- [Work request]
In your copy, reproduce each entry exactly and include no picture.

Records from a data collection
....................

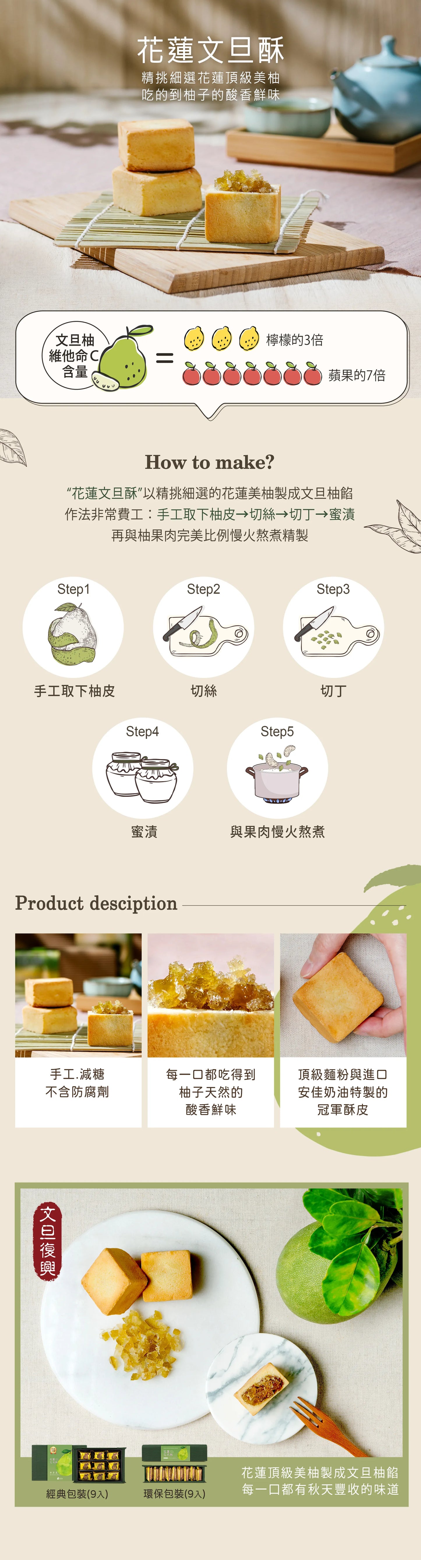 ▪ 成分:柚子醬(文旦絲〔文旦、砂糖、麥芽糖、食鹽、檸檬酸、檸檬酸鈉〕、文旦丁[文旦果皮、砂糖、麥芽糖、食鹽、檸檬酸、乳酸鈣]、麥芽糖、砂糖、冬瓜、棕櫚油、食鹽、檸檬酸、品質改良劑[多磷酸鈉])、麵粉、奶油、糖粉、雞蛋、卡士達粉(玉米澱粉、食鹽、著色劑〔食用黃色4號5號7號〕)、乳酪粉(乳酪、乳固形物、調味劑〔檸檬酸〕)、食鹽、紫心薯粉。
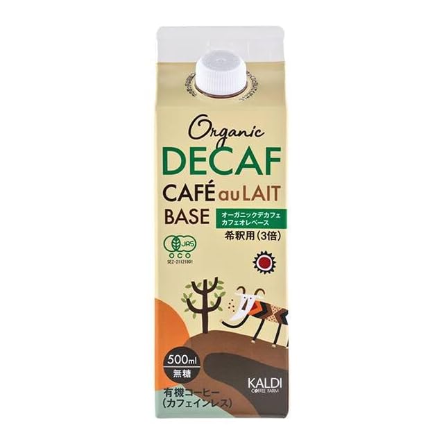 【カルディ】 有機栽培のカフェインレスコーヒーのみを使用したカフェオレベースです。3つの異なる焙煎度合いのコーヒーをブレンドすることで、ビターキャラメルを思わせる甘さと飲みごたえを引き出しました。カフェインを控えたい方、お子様にも安心してお楽しみいただけるカフェオレベースです。
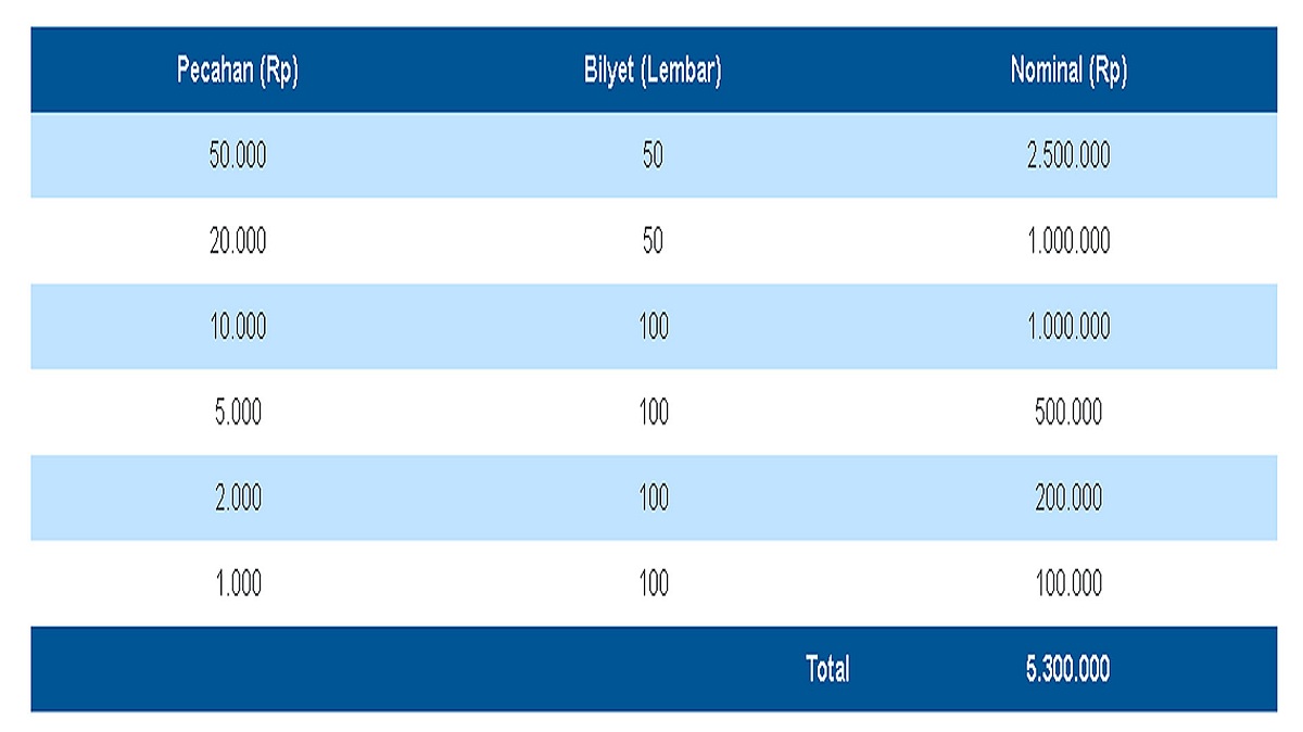Dalam program ini, setiap orang dapat menukarkan uang Rupiah dengan nilai maksimal Rp5.300.000 dalam satu paket penukaran.
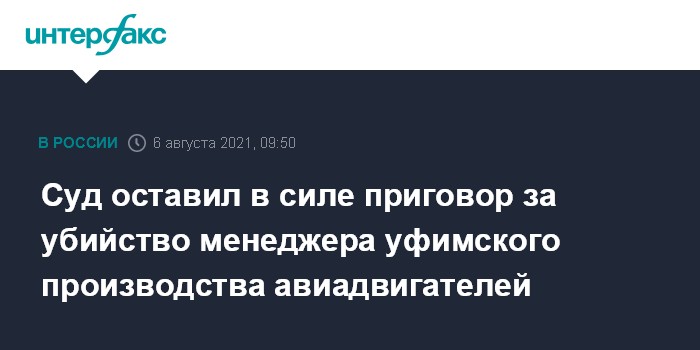 Суд оставил в силе приговор за убийство менеджера уфимского производства авиадвигателей
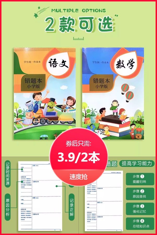 推荐:2本小学生错题本语文数学任选
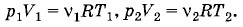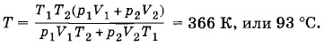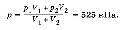 p(V1 + V2) = (ν1 + ν2)RT, используя найденные значения для ν1, ν2 и Т, получим
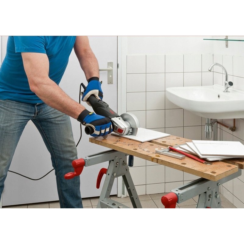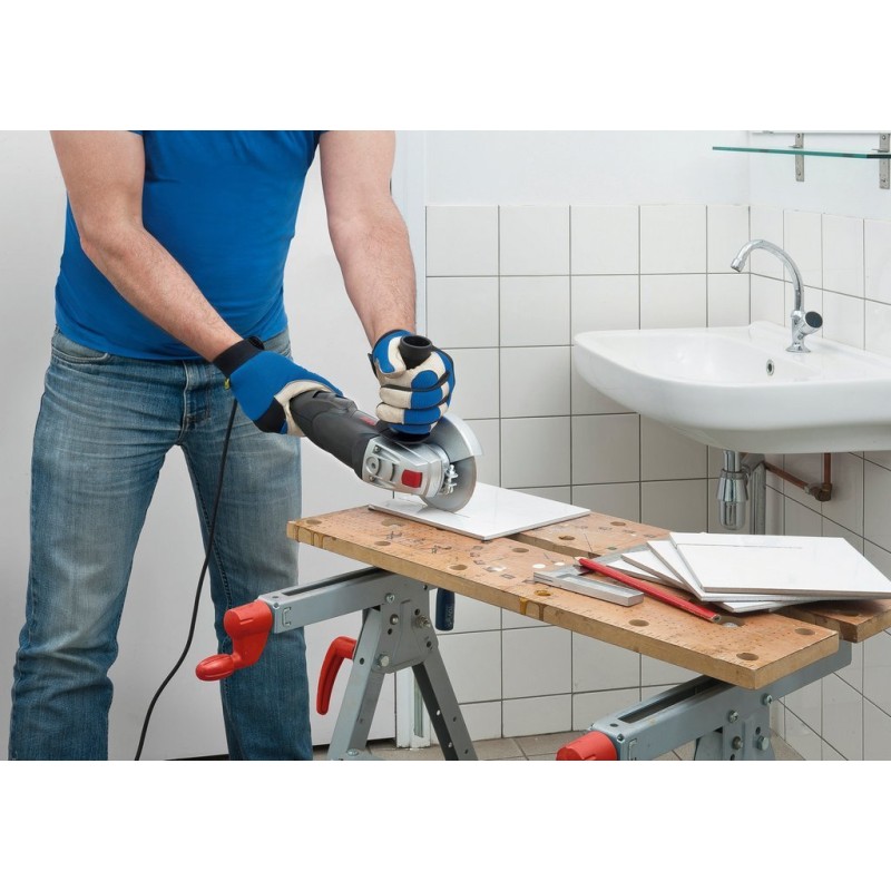 Der Winkelschleifer funktioniert dank seiner einfachen und zugleich zuverlässigen Konstruktion. Ein spezieller Mechanismus versetzt die Scheibe in eine Drehbewegung. Dadurch eignet sich dieses Elektrowerkzeug hervorragend zum Schneiden von Metall-, Holz- und Keramikelementen sowie sogar von Steinen oder Kunststoffen. Mit der richtigen Auswahl der Scheibe eignet sich der Winkelschleifer für viele Renovierungs-, Werkstatt- und Blecharbeiten. Die vielseitige Verwendbarkeit ist einer der wichtigsten Vorteile.
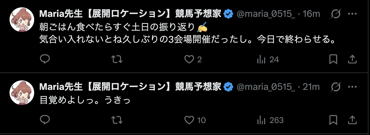 競馬インフルエンサー・「マリア先生【展開ロケーション】競馬予想家」のX(Twitter)はこんな感じ
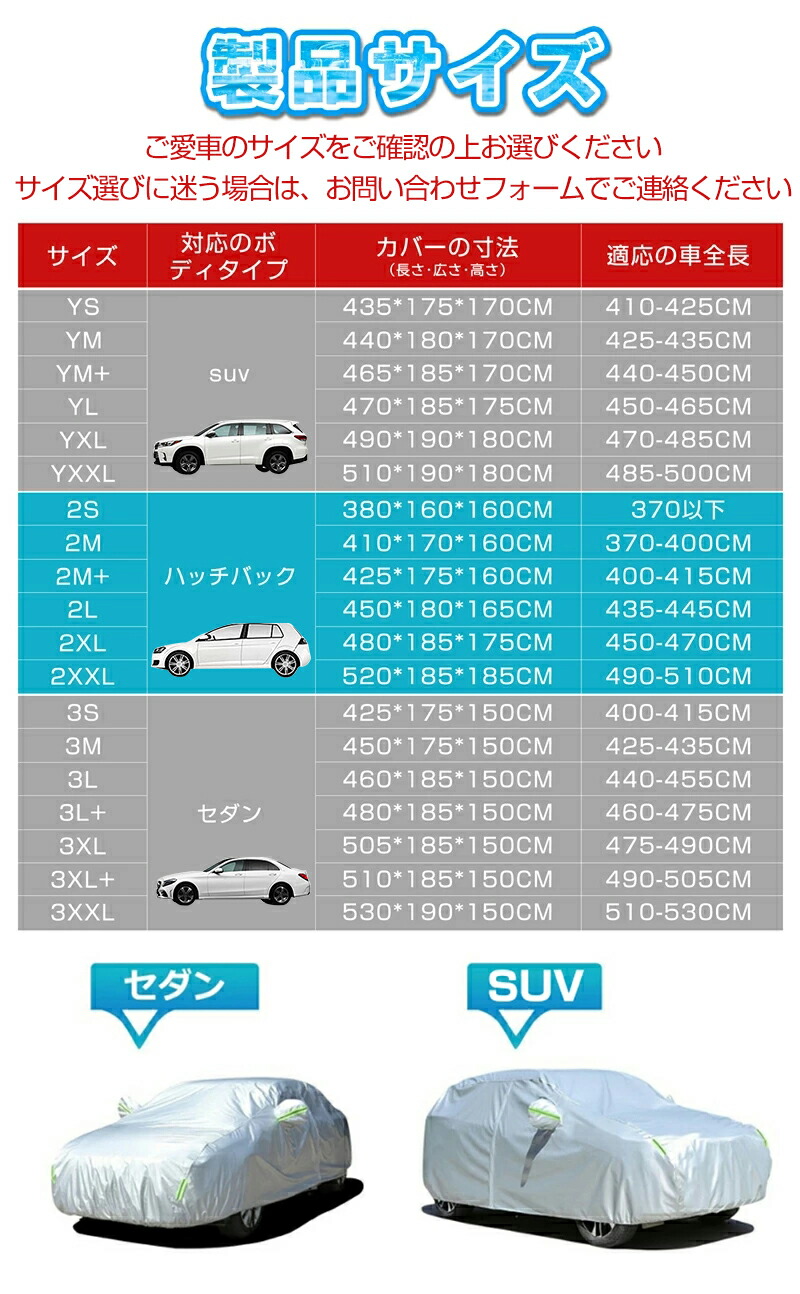 自動車カバー 車 ボディカバー カーカ YS YM YM+ YL YXL YXXL 2S 2M 2M+ 2L 2XL 2XXL 3S 3M 3L 3L+ 3XL 3XL+ 3XXL

....................

- [Written answer]
 ▪ 成分:柚子醬(文旦絲〔文旦、砂糖、麥芽糖、食鹽、檸檬酸、檸檬酸鈉〕、文旦丁[文旦果皮、砂糖、麥芽糖、食鹽、檸檬酸、乳酸鈣]、麥芽糖、砂糖、冬瓜、棕櫚油、食鹽、檸檬酸、品質改良劑[多磷酸鈉])、麵粉、奶油、糖粉、雞蛋、卡士達粉(玉米澱粉、食鹽、著色劑〔食用黃色4號5號7號〕)、乳酪粉(乳酪、乳固形物、調味劑〔檸檬酸〕)、食鹽、紫心薯粉。
 【カルディ】 有機栽培のカフェインレスコーヒーのみを使用したカフェオレベースです。3つの異なる焙煎度合いのコーヒーをブレンドすることで、ビターキャラメルを思わせる甘さと飲みごたえを引き出しました。カフェインを控えたい方、お子様にも安心してお楽しみいただけるカフェオレベースです。
Dalam program ini, setiap orang dapat menukarkan uang Rupiah dengan nilai maksimal Rp5.300.000 dalam satu paket penukaran.
 Суд оставил в силе приговор за убийство менеджера уфимского производства авиадвигателей
 推荐:2本小学生错题本语文数学任选
 p(V1 + V2) = (ν1 + ν2)RT, используя найденные значения для ν1, ν2 и Т, получим
 Der Winkelschleifer funktioniert dank seiner einfachen und zugleich zuverlässigen Konstruktion. Ein spezieller Mechanismus versetzt die Scheibe in eine Drehbewegung. Dadurch eignet sich dieses Elektrowerkzeug hervorragend zum Schneiden von Metall-, Holz- und Keramikelementen sowie sogar von Steinen oder Kunststoffen. Mit der richtigen Auswahl der Scheibe eignet sich der Winkelschleifer für viele Renovierungs-, Werkstatt- und Blecharbeiten. Die vielseitige Verwendbarkeit ist einer der wichtigsten Vorteile.
 競馬インフルエンサー・「マリア先生【展開ロケーション】競馬予想家」のX(Twitter)はこんな感じ
 自動車カバー 車 ボディカバー カーカ YS YM YM+ YL YXL YXXL 2S 2M 2M+ 2L 2XL 2XXL 3S 3M 3L 3L+ 3XL 3XL+ 3XXL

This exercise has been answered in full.